------ DATA EXTRACTS ------

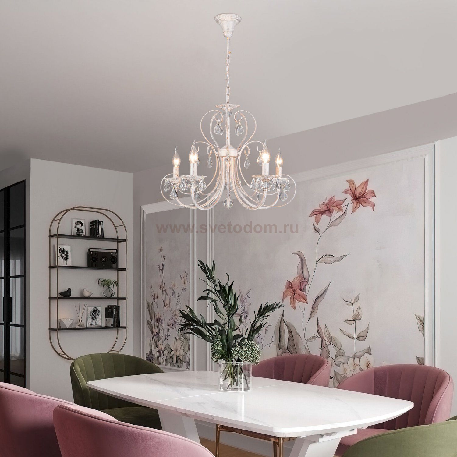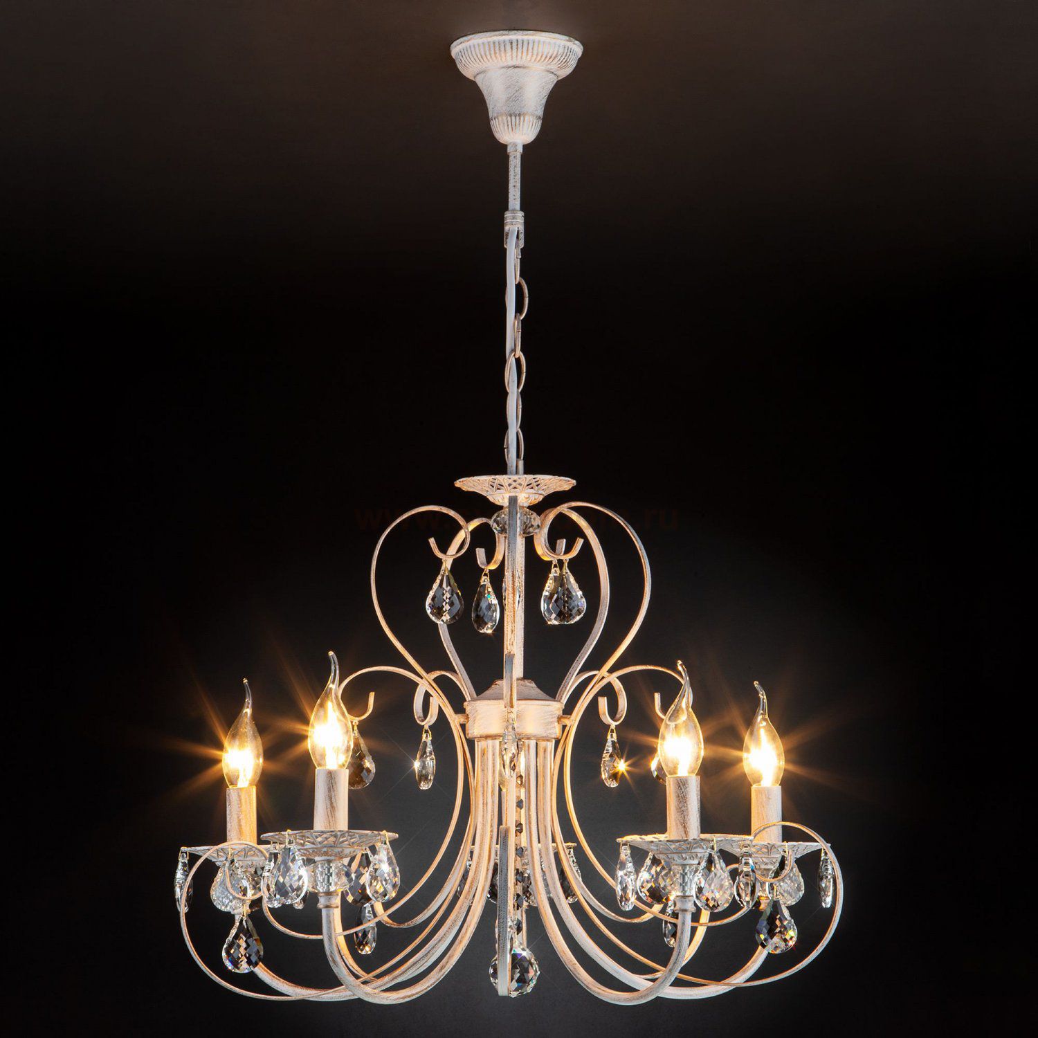 Классическая хрустальная люстра на 5 рожков в цвете белый с золотом / тонированный хрусталь преобразит потолочное пространство и создаст в вашем помещении комфортное полноценное освещение на площади 16 м кв.
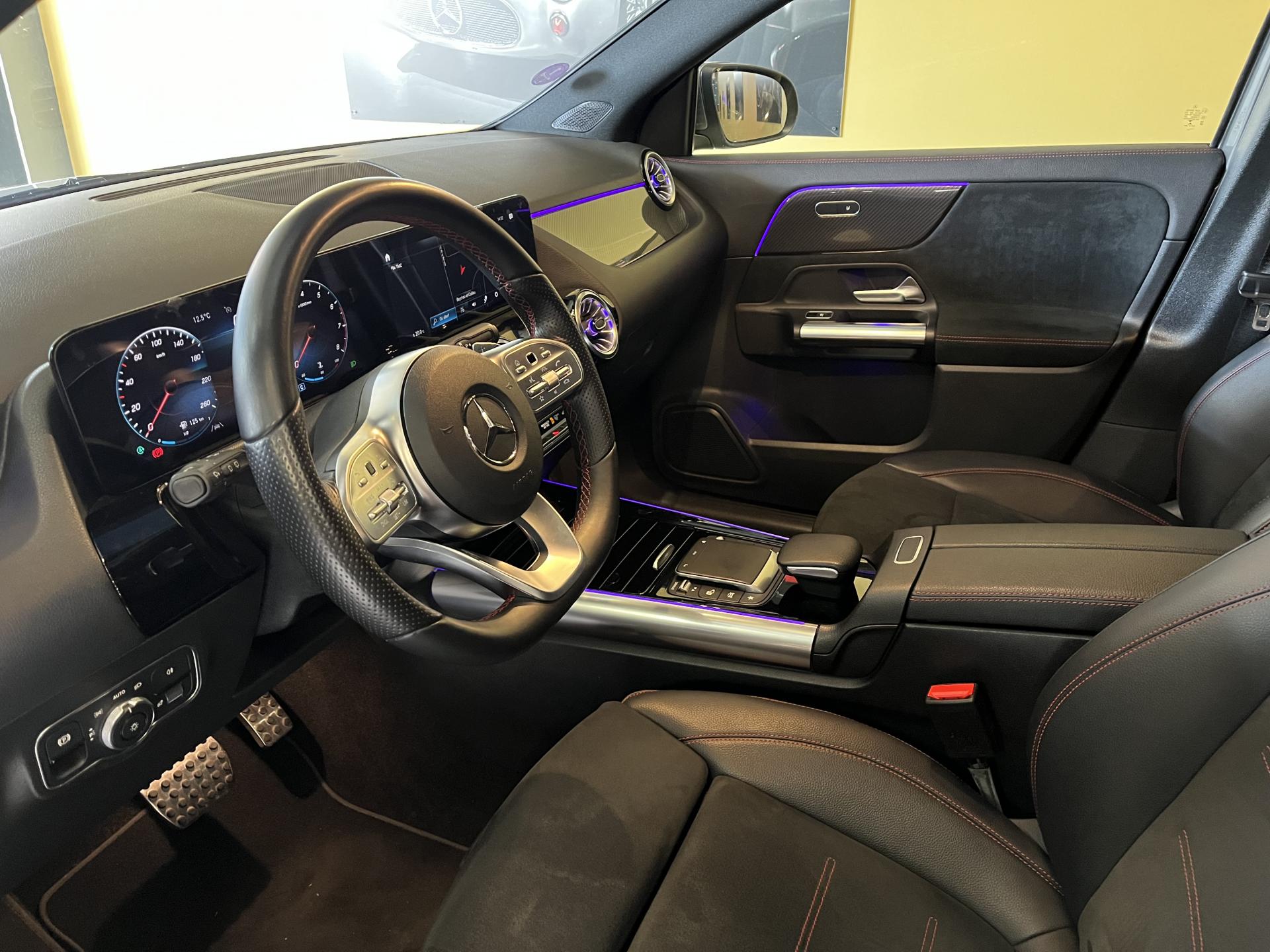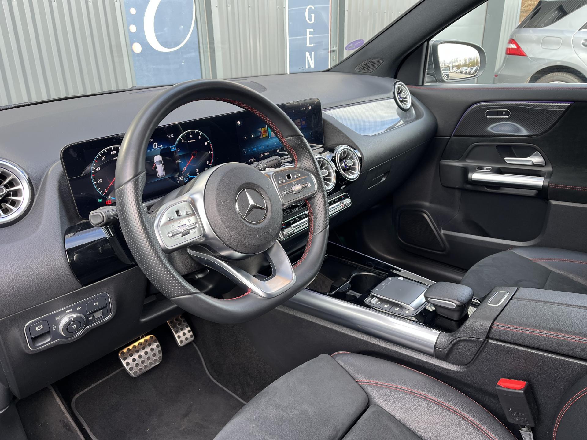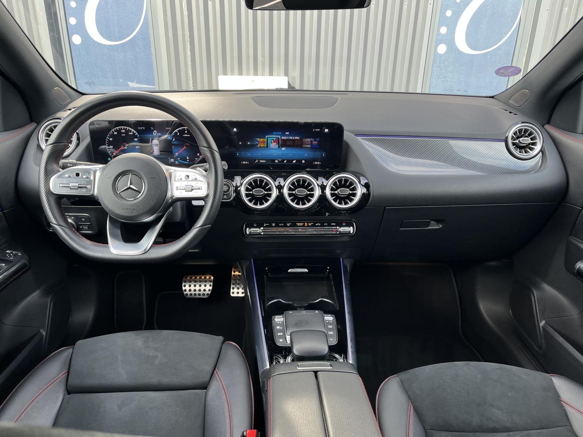 ADAPTIVE BRAKE avec fonction HOLD et aide au démarrage en côte, préremplissage et séchage des freins par freinage en cas de pluieAssistant de franchissement de ligne actifAttention Assist : système de détection de somnolenceAvertisseur de limitation de vitesseBaguette de seuil de chargement chroméeCiel de pavillon en tissu noirClé de véhicule sertie de chromeClimatisation automatique THERMOTRONIC à 2 zones avec filtre à charbons actifs contre la poussière, la suie et le pollenConnexion Bluetooth pour téléphone portableDYNAMIC SELECT avec les programmes de conduite « ECO », « Confort », « Sport » et « Individual »Etriers de frein avec monogramme "Mercedes-Benz"Feux de stop adaptatifsFonction Stop/Start ECOFrein de stationnement électriqueGarnitures en similicuir ARTICO/microfibre DINAMICA noire avec doubles surpiqûres rougesGrille de calandre diamant avec pastilles chroméesI-Size et Top Tether pour les sièges arrière extérieursInserts décoratifs façon CarboneJantes alliage AMG 48,3 cm (19") à 5 doubles branches Gris tantale / argentJupe arrière AMG façon diffuseur avec insert décoratif chroméJupe avant AMG avec splitter en finition chromeKEYLESS-GO : système de démarrage sans cléKit anti-crevaison TIREFITPédalier sport en acier inoxydable brossé avec picots en caoutchoucPack rétroviseursPack Stationnement avec caméra de reculPack visibilitéPavé tactile TouchpadRadio Numérique DABRainsensor (Capteur de pluie et de luminosité)Rampes de toit aluminiumReconnaissance des panneaux de limitation de vitesseRevêtements noir grené avec parties chromées sur les parties latéralesSièges avant avec réglages de la hauteur et de l'approche du siège, de l'inclinaison du dossier, de l'inclinaison de l'assise, de la profondeur de l'assiseSièges Sport à l'avantSorties d'échappement sport apparentes (non fonctionnelles)Système de commande vocale et assistant personnel activable grâce à "Hey Mercedes"Système de navigation par disque dur avec affichage 3DSystème de stabilisation en cas de vent latéralSystème multimedia MBUX avec écran média tactile haute résolution (1 920 x 760 pixels) de 26 cm (10,25'') et instrumentation digitale avec écran de 18 cm (7") incluant les fonctionnalités élargies MBUX (profils personnalisés, fonTapis de sol AMGTEMPOMAT (régulateur de vitesse) et SPEEDTRONIC (limiteur de vitesse)Un port USB dans le vide-poche et un port USB sur la console centrale arrièreVolant sport multifonction a 3 branches en cuir Nappa, avec méplat dans la partie inferieure, perforations au niveau de la zone de préhension, surpiqûres rouges, éléments en chrome et boutons Touch-Control
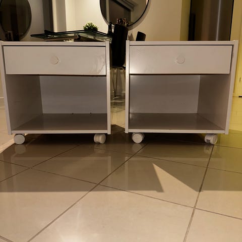 Selger to svarte nattbord med paljetter. Ikke noe synlige merker.
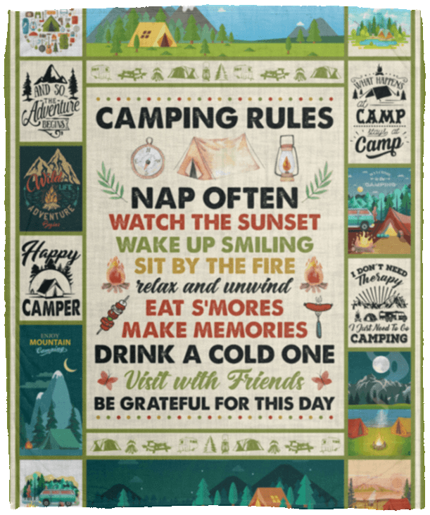 Camping Rules Nap Often Watch The Sunset Fleece Blanket – Premium Sherpa Blanket – Woven Blanket
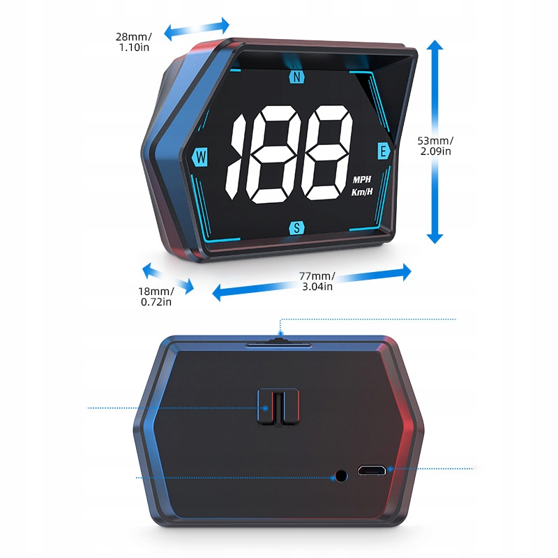 ✅ ✅ HUD Heads-Up Lepuler, який показує цифрову швидкість подорожі на власному HD-дисплеї. Елегантне та компактний корпус, який можна розмістити в будь -якому місці
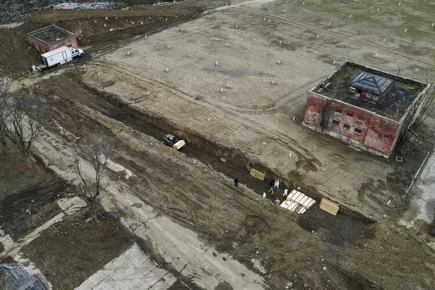 Görüntülerinde, New York'ta salgından vefat eden fakir ve kimsesizlerin yan yana gömüleceği yerler olduğu belirtilen mezarların, savaş durumunu andıran siperler görülüyor.
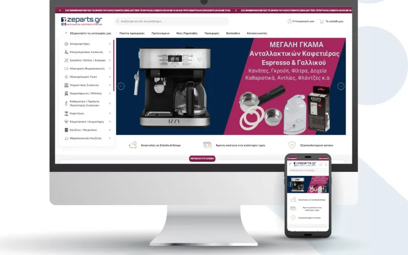 Δημιουργία ενός custom design που προσφέρει μια καθαρή, σύγχρονη και εύχρηστη εμπειρία πλοήγησης, διευκολύνοντας τους πελάτες στην αναζήτηση και αγορά ανταλλακτικών ηλεκτρικών συσκευών.
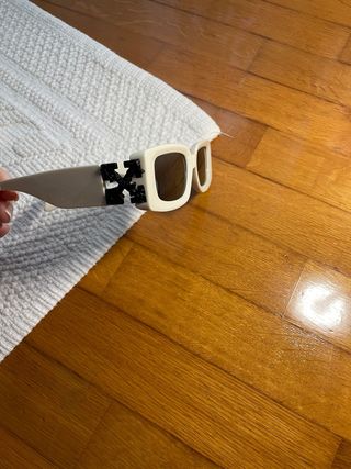 Occhiali da sole con un design moderno e distintivo. - Montatura di colore bianco. - Dettagli a freccia neri sulle aste. - Lenti colorate.
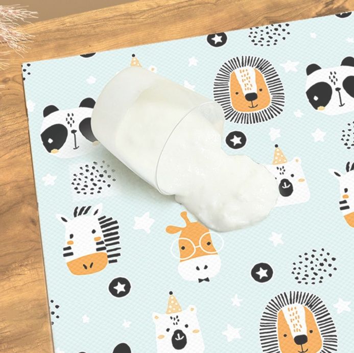 大判サイズで汁物や食べこぼしをしっかりキャッチし、お子様の食事時間を清潔で快適に保ちます。
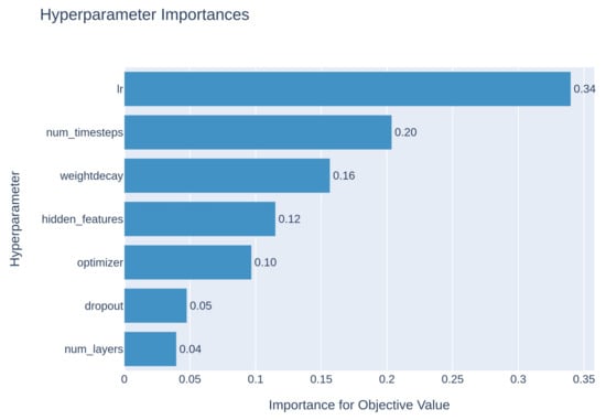 The best model architecture for a specific model is not always clear. Therefore, we investigated several choices. In a typical machine learning method, the machine is tasked to help with this exploration and to dynamically select the optimal model architecture. The hyperparameters determine the model architecture, and the process of obtaining the best model architecture is known as hyperparameter tuning. The hyperparameters were tuned for the SolPredictor using Optuna [43]. Optuna is a software (v.3.5.0) framework that facilitates automatic hyperparameter adaptability. The hyperparameters for SolPredictor are the learning rate, weight decay, optimizer, hidden features, number of layers, number of time steps, and dropout. The hyperparameter ranges are presented in the Supplementary Materials. As shown in Figure 4, the learning rate is the most important hyperparameter, whereas the number of layers has the least effect on the model.
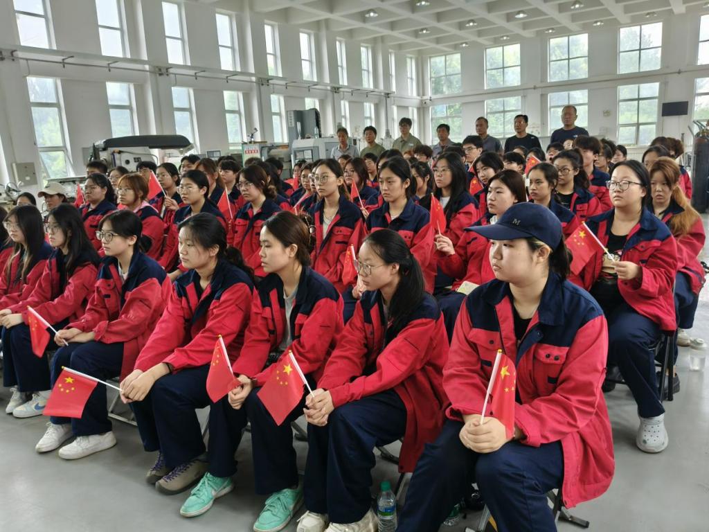 在九月的金工实习过程中,学生们迎来了纪念中国人民抗日战争暨世界反法西斯战争胜利70周年阅兵式,也迎来了九一八事变爆发94周年纪念日,在这两个重要的日子里,学校驻海城基地的董伟英书记、李宏伟、马奎、陈希光老师与金工实习总指导教师三亿在线赵秀荣副教授、三亿在线实训中心陈彬主任及实习实训6名指导师傅,借来了120英寸大电视,安放在了实习车间大厅。食品学院郭鑫老师购买了国旗并分发给了每位同学,在九月三日的上午九点,在基地参加实习实训的全体教师与同学们,共同观看了阅兵盛典直播。受阅部队军容严整,步伐铿锵有力,装备陈列井然有序。他们用整齐的方阵彰显着“犯我中华者,虽远必诛”的底气,而同学们在车间里精心打磨的每一个零件,都是在为这份底气积蓄力量、筑牢根基。
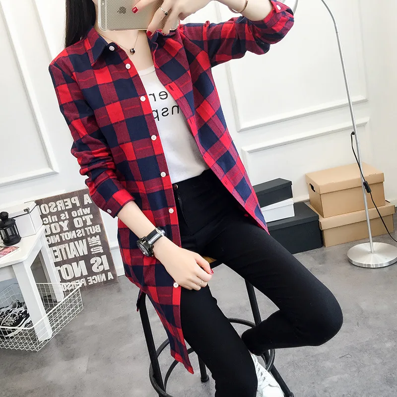 Special Offer EYM Marke Herbst Frauen Lange Hemd Freundin Stil Baumwolle Casual Langarm Rot Flanell Plaid Shirt Blusen Weibliche Tops Blusas Discount 20% Today!
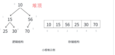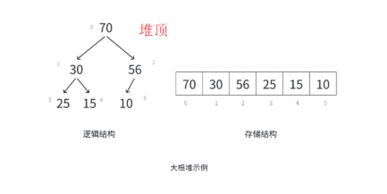 以二叉树的顺序存储方式来存储元素,堆是一种特殊的二叉树,满足父节点存储数据要大于儿子结点存储数据的一种数据结构,堆分为两种大堆和小堆,大堆是大于儿子结点数据,小堆则是要小于儿子结点数据。如下图所示,图一为小堆,图二为大堆。

------

— WORK ORDER —
With pictures left out, repeat exactly the lines from the line bearing "在九月的金工实习过程中,学生" through the final line of the records above.

— REPLY TO THE EXERCISE —
 在九月的金工实习过程中,学生们迎来了纪念中国人民抗日战争暨世界反法西斯战争胜利70周年阅兵式,也迎来了九一八事变爆发94周年纪念日,在这两个重要的日子里,学校驻海城基地的董伟英书记、李宏伟、马奎、陈希光老师与金工实习总指导教师三亿在线赵秀荣副教授、三亿在线实训中心陈彬主任及实习实训6名指导师傅,借来了120英寸大电视,安放在了实习车间大厅。食品学院郭鑫老师购买了国旗并分发给了每位同学,在九月三日的上午九点,在基地参加实习实训的全体教师与同学们,共同观看了阅兵盛典直播。受阅部队军容严整,步伐铿锵有力,装备陈列井然有序。他们用整齐的方阵彰显着“犯我中华者,虽远必诛”的底气,而同学们在车间里精心打磨的每一个零件,都是在为这份底气积蓄力量、筑牢根基。
 Special Offer EYM Marke Herbst Frauen Lange Hemd Freundin Stil Baumwolle Casual Langarm Rot Flanell Plaid Shirt Blusen Weibliche Tops Blusas Discount 20% Today!
 以二叉树的顺序存储方式来存储元素,堆是一种特殊的二叉树,满足父节点存储数据要大于儿子结点存储数据的一种数据结构,堆分为两种大堆和小堆,大堆是大于儿子结点数据,小堆则是要小于儿子结点数据。如下图所示,图一为小堆,图二为大堆。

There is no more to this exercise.